The accompanying table, which is Table 2 from O'Neill's study, records the birth rates for AFDC mothers both before and after the family cap became effective. The 19 percent reduction represents the ratio of the –1.29 in the "Difference" column and the 6.75 in the "Control Group" column. No statistical significance is attached to this 1.29 percentage point difference in birth rates, however, so the reader does not know whether this gap is statistically different from zero or not.
Moreover, it is not clear whether the 1.29 percentage point difference between the two groups' birth rates is the most relevant piece of information for determining the FDP's success because it does not measure the change in the birth rates over time. The more interesting comparison requires calculating the change in the birth rate within each of the two groups between the pre-cap and post-cap periods. These calculations are included in the table as the bottom row marked "Difference between periods." The question to ask is whether –5.96 is statistically different from –5.24; in other words, is the gap between these two numbers statistically significant? An answer of "yes" would represent evidence that the family cap is achieving its goal. Unfortunately, this information was not reported.

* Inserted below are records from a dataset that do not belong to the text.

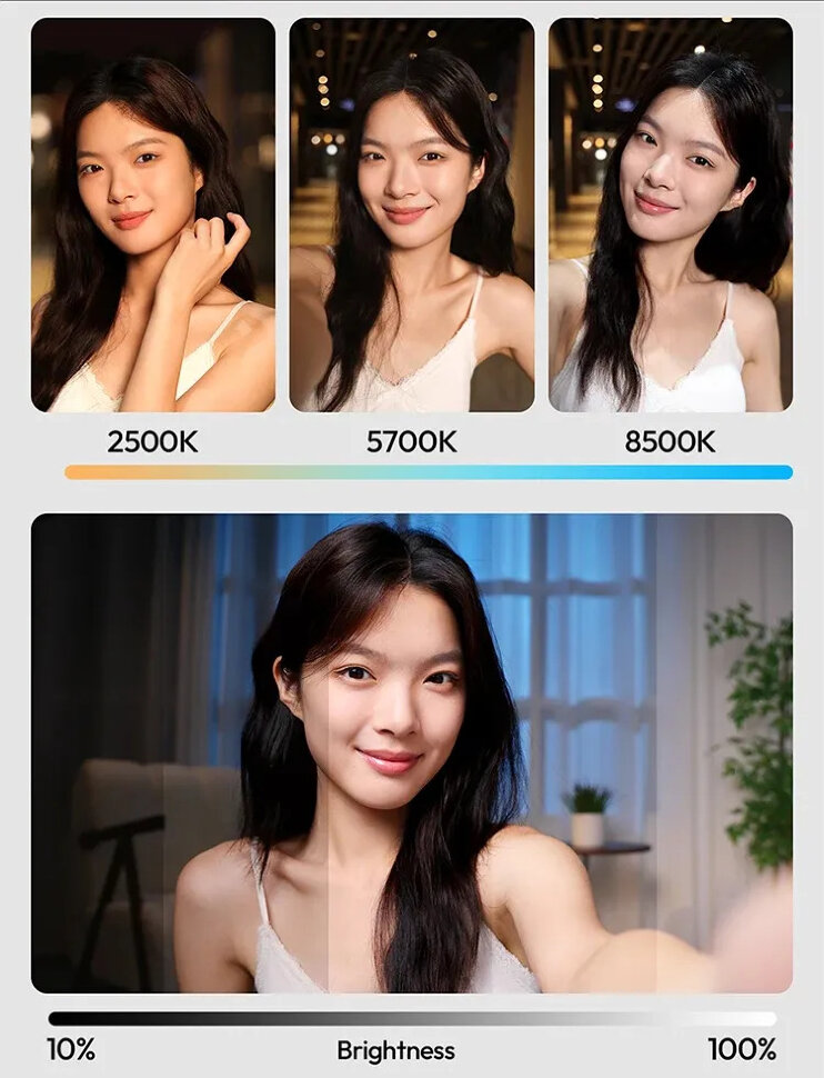 Профессиональный контроль света и цветаВторое поколение популярного осветителя для селфи и блога! В конструкцию было добавлено зеркальце, чтобы вы смогли следить за своей внешностью, а также подставка, с помощью которой можно поставить смартфон на стол. Оттенок света можно регулировать от холодных 2500K до теплых 8500K, а высокие показатели цветопередачи гарантируют качественные оттенки в кадре. Бесступенчатая регулировка позволяет точно настраивать параметры для создания естественного освещения |
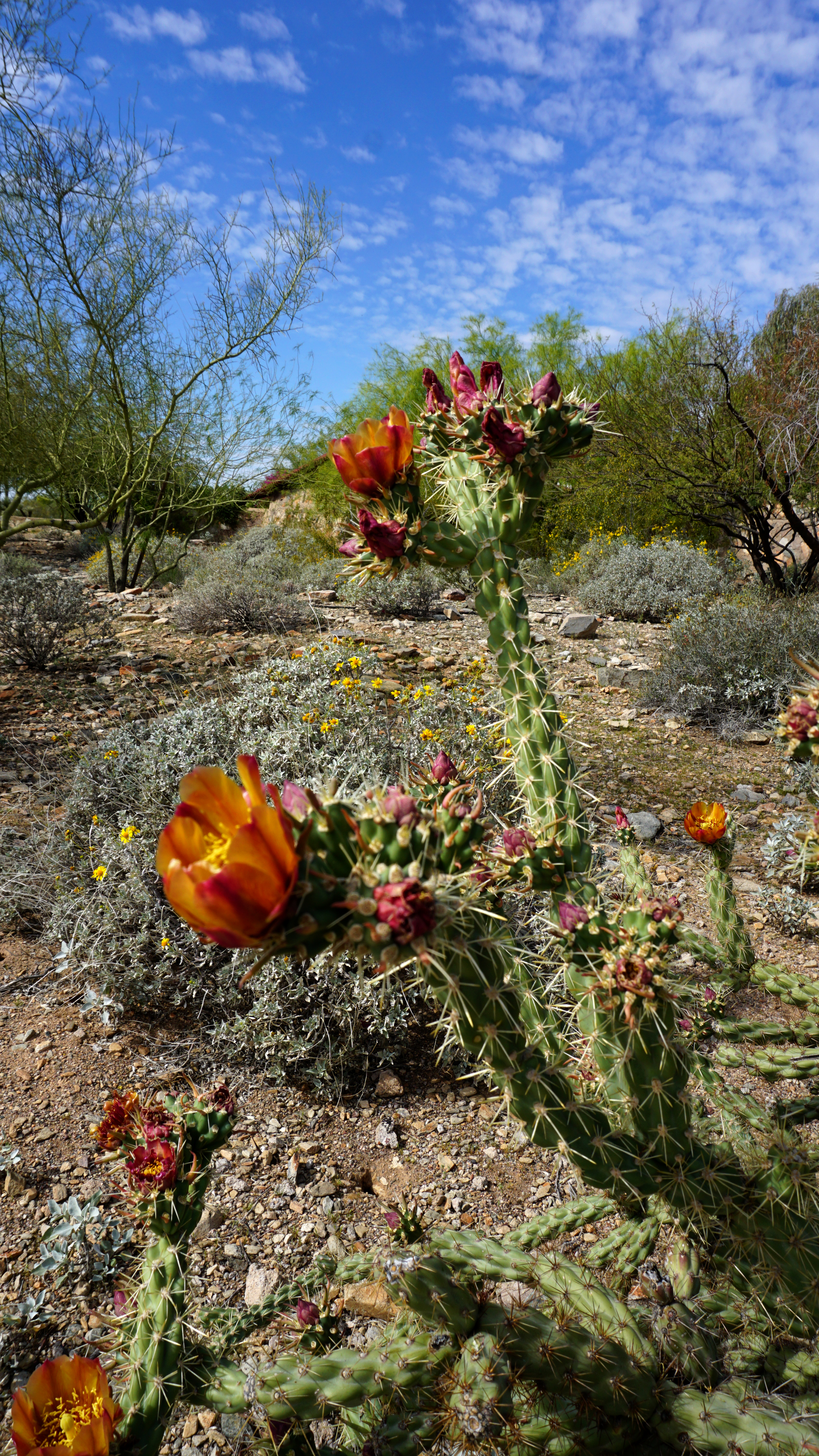 The Sonoran Desert may seem dry and droll when looked at in pictures most of the year, but for a handful of months during winter and spring the desert is one of the most spectacular places to explore with cacti and trees all blooming in sequence in a variety of colors. In addition to house tours, I had the awesome job of taking people into the desert to show off this beauty and why Wright was drawn to it.
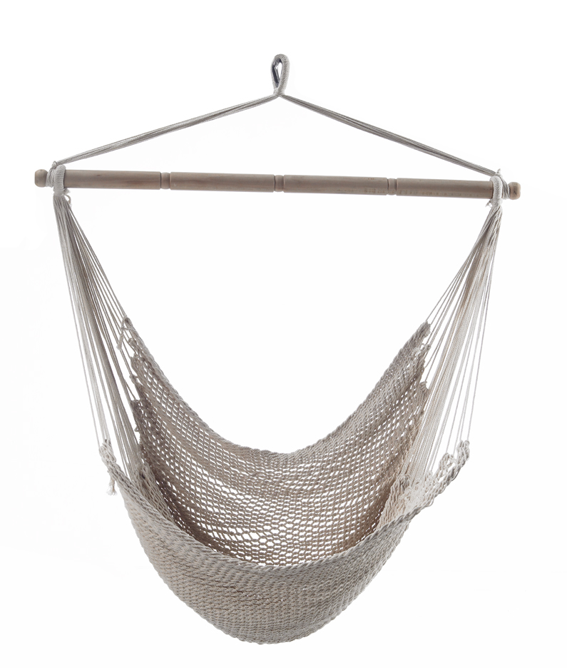 En koselig og stilren hengestol som enkelt kan monteres på plass. Setet er laget av ubleket ufarget bomull. Opphengt i en eikestav.
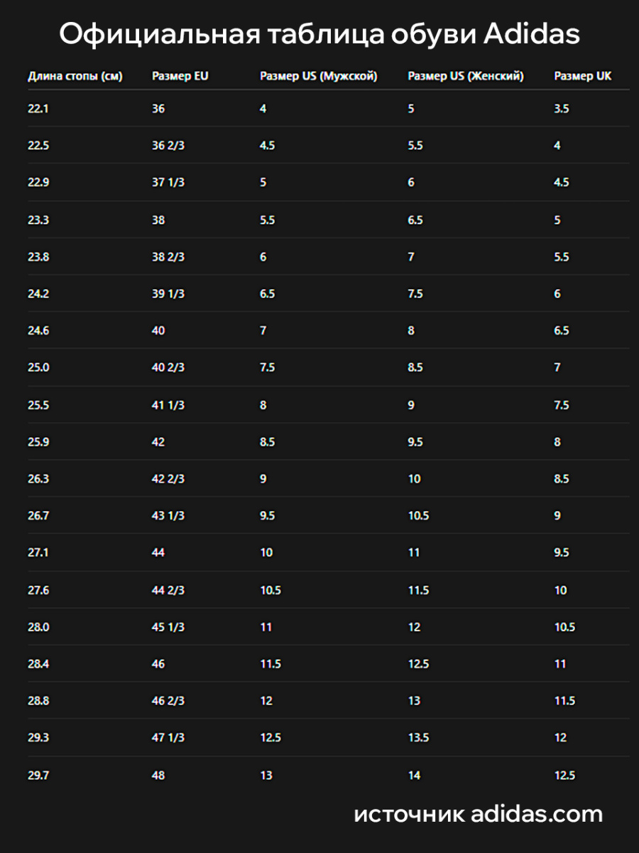Длина стопы CM
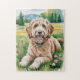 Unleash your inner puzzle enthusiast with our Personalized Goldendoodle Jigsaw Puzzle! This puzzle features an adorable goldendoodle dog laying in a field of flowers. The field is surrounded by trees and mountains. This jigsaw puzzle is in a watercolor style. Whether you're unwinding after a long day or looking for a fun activity with friends and family, this Goldendoodle Jigsaw Puzzle offers hours of engaging entertainment. Dive into the world of puzzles and let the adorable charm of the goldendoodle brighten your day!
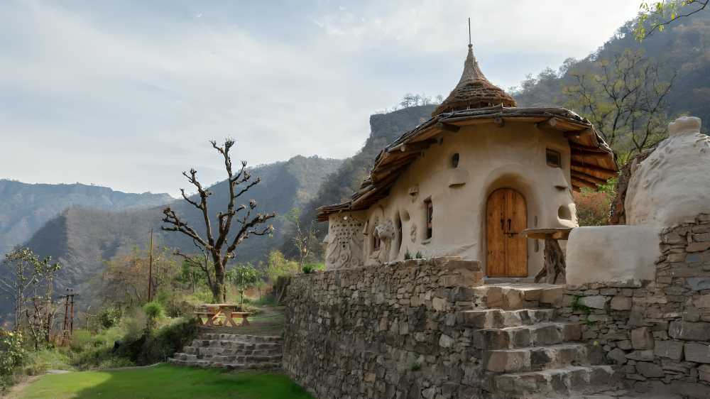 In another remarkable project, siblings Ansh Kumar and Raghav Kumar created a 600-square-foot home using mud sourced from the site itself. Built through a collaborative community process, the structure celebrates natural materials and handmade craftsmanship.
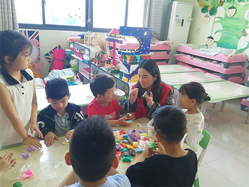 為了讓孩子體驗包粽子的感受以及發(fā)散孩子的創(chuàng)造思維能力,志愿者拿來超輕粘土,為孩子們準備了一場創(chuàng)意手工秀。首先由志愿者為孩子講解粽子的外形特征,示范粽子的制作手法,接著就輪到孩子們大展身手了。
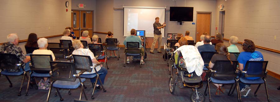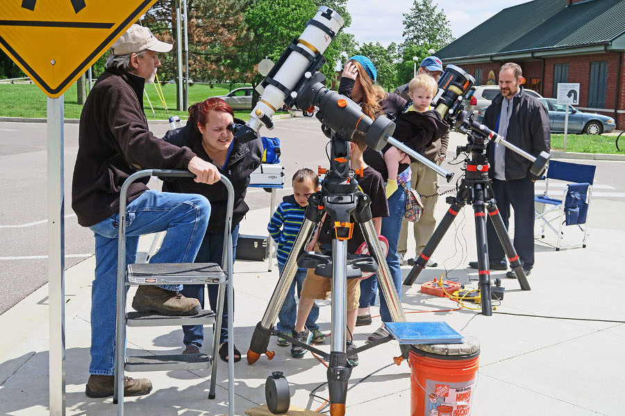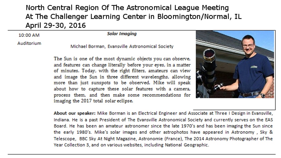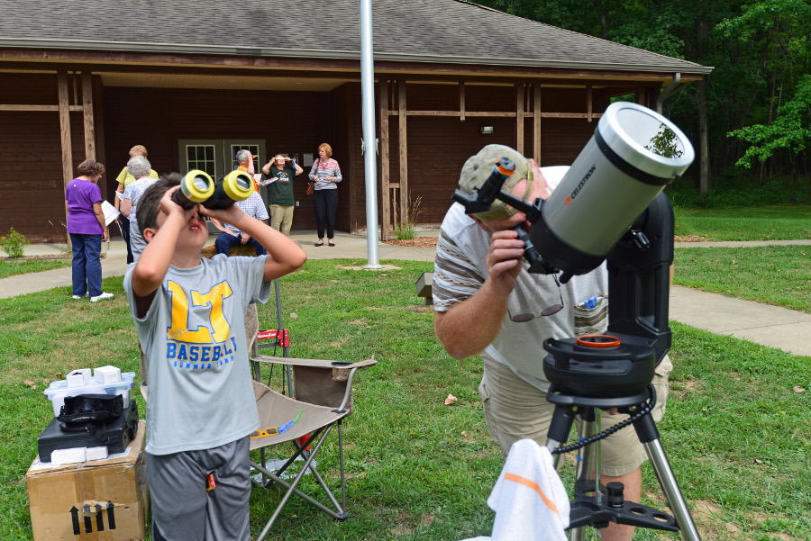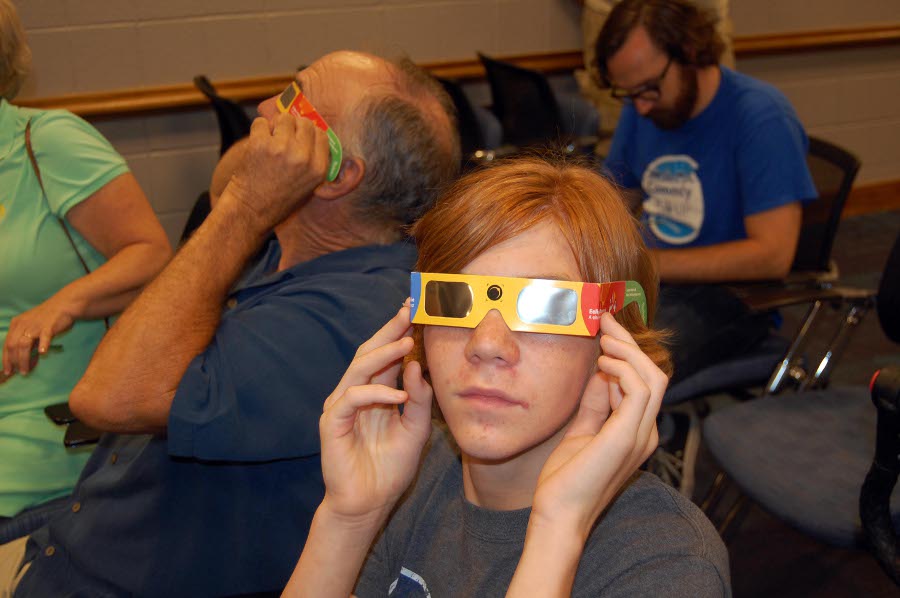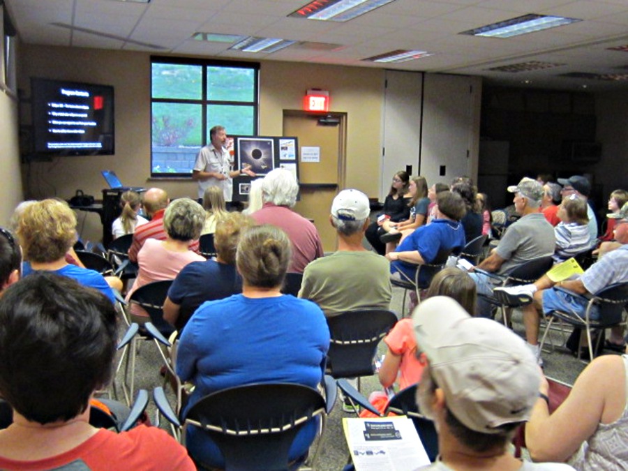 Leading up to the eclipse, EAS members did many eclipse programs, displays, TV & newspaper interviews, and safe solar viewing sessions at libraries (Dubois, Newburgh,and Alexandrian in Posey County), the Patoka Lake Nature Center, at the meeting of The North Central Region Of The Astronomical League, many schools in the area, and the Evansville Museum. Here are a few pictures from these events. |

To obtain better information about the effects of the FDP, New Jersey commissioned Rutgers University to conduct a five-year study. In June 1995, it released its preliminary findings; the actual study has not been officially released. For the period August 1993 to July 1994, the study reports that 6.7 percent of women in the control group gave birth, and that 6.9 percent of those in the experimental group gave birth. The 0.2 percentage point difference between these rates is not statistically significant; that is, the birth rates are essentially the same number. More important, this result was the same when controls for the pre-cap birth rate differences were included in the analysis. This last step is tantamount to testing whether one birth rate changed "significantly" more than the other across periods. It is important to remember, though, that the results do reflect only one year of available data. Further information from the study will be available with time, and it is quite possible—even probable—that these numbers will be revised again, although it is unlikely the revisions will qualitatively alter the result.
|Experimental Group||Control Group||Difference1
|Number in sample||1,777||859|
|Percentage with a birth in the period August 1992 through July 1993||11.42%||11.99%||–0.57%|
|Percentage with a birth in the period August 1993 through June 1994||5.46%||6.75%||–1.29%|
|Difference between periods (percentage points)2||–5.96||–5.24|
Whenever states initiate experimental or demonstration projects, their effectiveness can be gauged only after sufficient time has passed to allow for reasonable data accumulation and processing. Clearly, three months into a project the scope of New Jersey's is too early to draw any definitive conclusions. One year is probably also too soon. This is the reason five-year studies are usually conducted with experimental projects in federally funded programs. Perhaps prematurely, other states jumped on the bandwagon to institute similar changes in their welfare laws after New Jersey's initial reports of success were announced. The release of the Rutgers study, with its more in-depth analysis, should cause these states to re-evaluate their initiatives and pay closer heed to preliminary findings in which critical bits of information—like the statistical significance of results—are glossed over or ignored.
Camasso, Michael J. Letter to Rudolf Myers, Assistant Director, Division of Family Development, State of New Jersey (June 14, 1995).
Kramer, Michael. "The Myth About Welfare Moms," Time (July 3, 1995).
Laracy, Michael C. "If It Seems Too Good To Be True, It Probably Is." The Annie E. Casey Foundation (June 21, 1995).
O'Neill, June. "Report Concerning New Jersey's Family Development Program." Baruch College (August 1994).